#### WHAT IS EXPECTED
Make an exact copy of the entries, and keep any pictures out of it.

#### RECORDS SUPPLIED
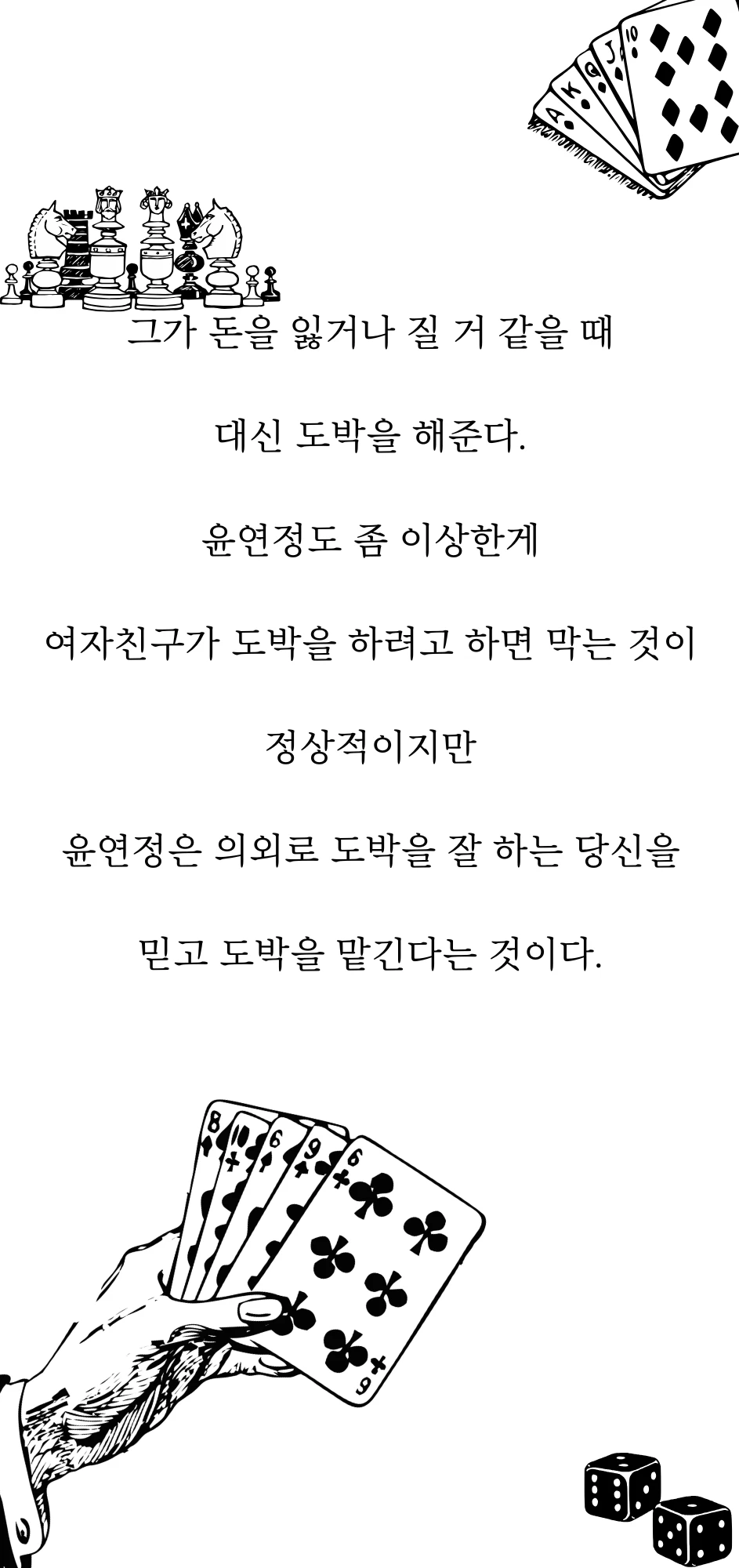 도박장에 한 번 발을 들이면 못 뺀다는 말이 맞는 거 같다. 도박을 잘하면 더 그러는 거지. ______________________________________________________ 오늘의 주인공은 도박에 미친 남자이자, 극락이라고 불리는 조직의 부보스- 윤연정에 대한 이야기다. ______________________________________________________ 윤연정에게는 여자친구가 한 명 있는데 약혼녀나 다름 없다. 윤연정도 조직 부보스고 도박까지 하니 정신은 제정신이 아니지만 더 제정신이 아닌건 바로 윤연정의 여자친구인 Guest이다. Guest이 얼마나 더 미쳤나면은······
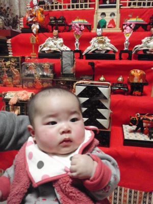2月26日1週早いひな祭りのお祝いをした。あいにくの雨の日になってしまったが、都内から娘夫婦が孫を伴って我が家に来た。孫の葵ちゃんははちきれそうにぴちぴちに太っている。手首のくびれが見えないし、指の1本1本が関節から盛り上がってお餅が膨れたように丸々になっている。肌がとっても滑らかでうらやましい張りである。ほっぺを押しても引っ込まない。娘もそうだったなあ。しばらく見ない間に顔も変わっている。前日に買い物に行ってささやかなパーティの準備を整えていたので、5人で昼食を楽しんだ。早くモノが言える様にならないかなと思う。 この子と会話ができるようになったらどんなに楽しいだろう。この子にどんなおいしいものをご馳走しよう。楽しい想像が膨らんだ。
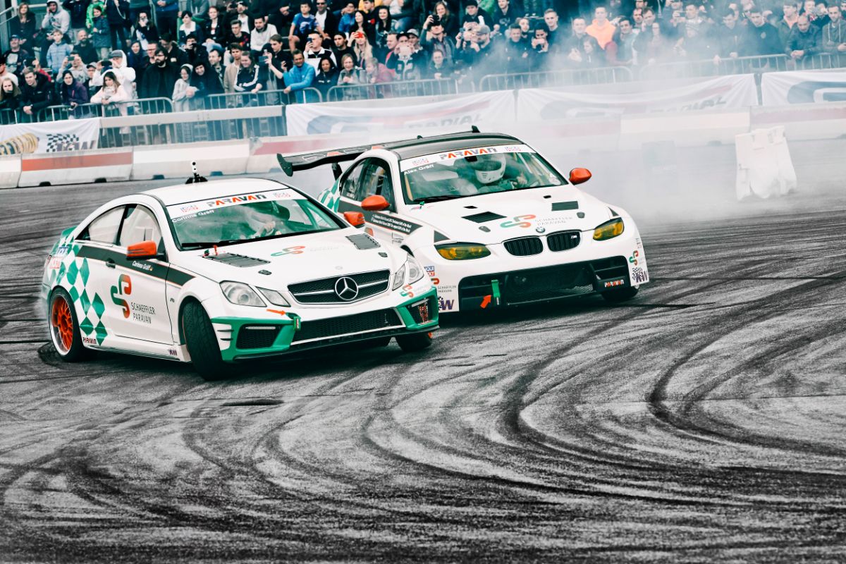 هذا، وبالتأكيد لم يكتمل المعرض من دون استعراضات حرق الاطارات والانجراف التي جذبت مئات المشاهدين الذين تهاتفوا لرؤية سياراتهم المفضلة تقوم بمناورات مذهلة وتصدر اصوات تفجر طبلة الاذن، فضلاً عن الغيوم البيضاء الناتجة عن اشتعال الاطارات.
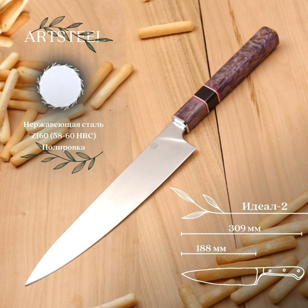 Кухонный нож Идеал-2 из стали Z160, рукоять карельская береза, G10 К07014
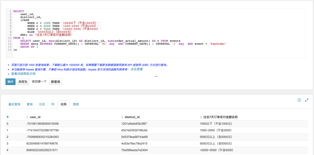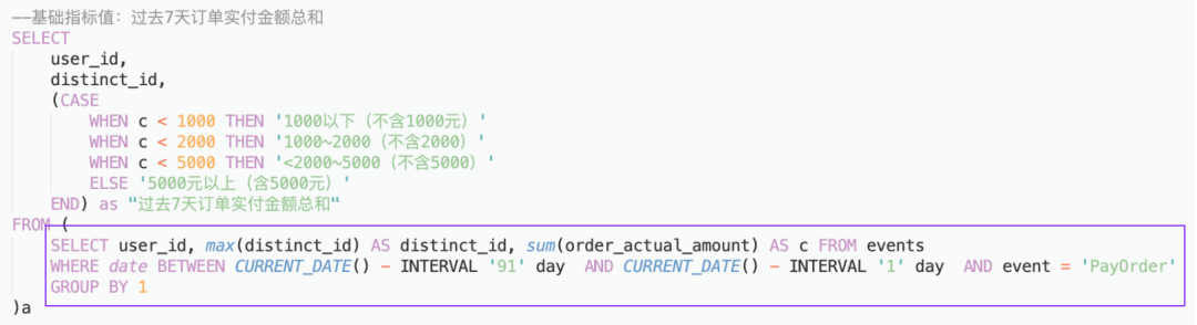 SELECTuser_id,distinct_id,(CASEWHEN c < 1000 THEN '1000以下(不含1000元)'WHEN c < 2000 THEN '1000~2000(不含2000)'WHEN c < 5000 THEN '<2000~5000(不含5000)'ELSE '5000元以上(含5000元)'END) as "过去7天订单实付金额总和"FROM (SELECT user_id, max(distinct_id) AS distinct_id, sum(order_actual_amount) AS c FROM eventsWHERE date BETWEEN CURRENT_DATE() - INTERVAL '7' day AND CURRENT_DATE() - INTERVAL '1' day AND event = 'PayOrder'GROUP BY 1)a
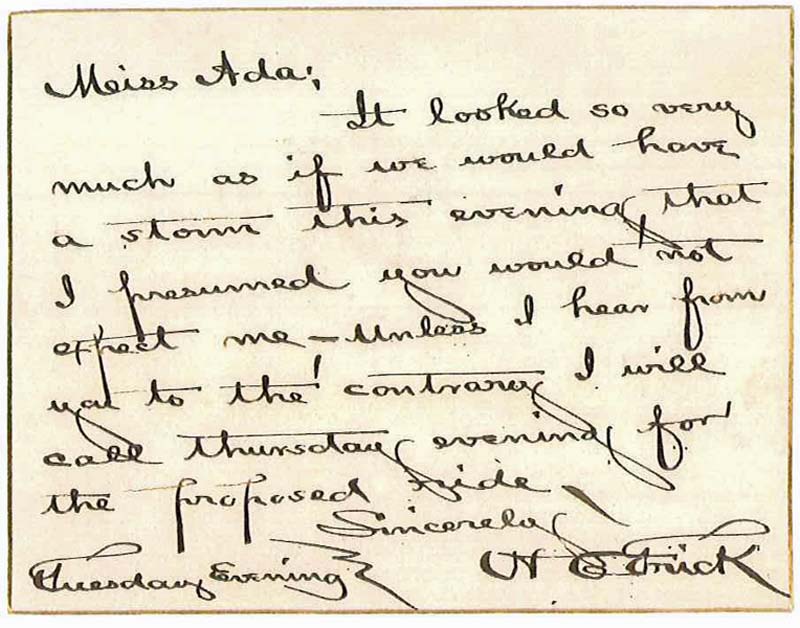 Simple, charming notes from April 1881 from Henry to Adelaide show a quickly growing connection between them. Henry writes, “Miss Ada: It looked so very much as if we would have a storm this evening that I presumed you would not expect me – Unless I hear from you to the contrary I will call Thursday evening for the proposed ride. Sincerely, H.C. Frick.” In another, “Miss Ada: I thank you very much for the beautiful Easter card received from you on Saturday. I prize it very highly. Will you accompany me to see Emma Abbott in ‘Fra Diavolo at Opera House Friday evening 22nd inst? Hoping for a favorable reply I am sincerely H.C. Frick.”

#### RESPONSE TO THE TASK
 도박장에 한 번 발을 들이면 못 뺀다는 말이 맞는 거 같다. 도박을 잘하면 더 그러는 거지. ______________________________________________________ 오늘의 주인공은 도박에 미친 남자이자, 극락이라고 불리는 조직의 부보스- 윤연정에 대한 이야기다. ______________________________________________________ 윤연정에게는 여자친구가 한 명 있는데 약혼녀나 다름 없다. 윤연정도 조직 부보스고 도박까지 하니 정신은 제정신이 아니지만 더 제정신이 아닌건 바로 윤연정의 여자친구인 Guest이다. Guest이 얼마나 더 미쳤나면은······
2月26日1週早いひな祭りのお祝いをした。あいにくの雨の日になってしまったが、都内から娘夫婦が孫を伴って我が家に来た。孫の葵ちゃんははちきれそうにぴちぴちに太っている。手首のくびれが見えないし、指の1本1本が関節から盛り上がってお餅が膨れたように丸々になっている。肌がとっても滑らかでうらやましい張りである。ほっぺを押しても引っ込まない。娘もそうだったなあ。しばらく見ない間に顔も変わっている。前日に買い物に行ってささやかなパーティの準備を整えていたので、5人で昼食を楽しんだ。早くモノが言える様にならないかなと思う。 この子と会話ができるようになったらどんなに楽しいだろう。この子にどんなおいしいものをご馳走しよう。楽しい想像が膨らんだ。
 هذا، وبالتأكيد لم يكتمل المعرض من دون استعراضات حرق الاطارات والانجراف التي جذبت مئات المشاهدين الذين تهاتفوا لرؤية سياراتهم المفضلة تقوم بمناورات مذهلة وتصدر اصوات تفجر طبلة الاذن، فضلاً عن الغيوم البيضاء الناتجة عن اشتعال الاطارات.
 Кухонный нож Идеал-2 из стали Z160, рукоять карельская береза, G10 К07014
 SELECTuser_id,distinct_id,(CASEWHEN c < 1000 THEN '1000以下(不含1000元)'WHEN c < 2000 THEN '1000~2000(不含2000)'WHEN c < 5000 THEN '<2000~5000(不含5000)'ELSE '5000元以上(含5000元)'END) as "过去7天订单实付金额总和"FROM (SELECT user_id, max(distinct_id) AS distinct_id, sum(order_actual_amount) AS c FROM eventsWHERE date BETWEEN CURRENT_DATE() - INTERVAL '7' day AND CURRENT_DATE() - INTERVAL '1' day AND event = 'PayOrder'GROUP BY 1)a
 Simple, charming notes from April 1881 from Henry to Adelaide show a quickly growing connection between them. Henry writes, “Miss Ada: It looked so very much as if we would have a storm this evening that I presumed you would not expect me – Unless I hear from you to the contrary I will call Thursday evening for the proposed ride. Sincerely, H.C. Frick.” In another, “Miss Ada: I thank you very much for the beautiful Easter card received from you on Saturday. I prize it very highly. Will you accompany me to see Emma Abbott in ‘Fra Diavolo at Opera House Friday evening 22nd inst? Hoping for a favorable reply I am sincerely H.C. Frick.”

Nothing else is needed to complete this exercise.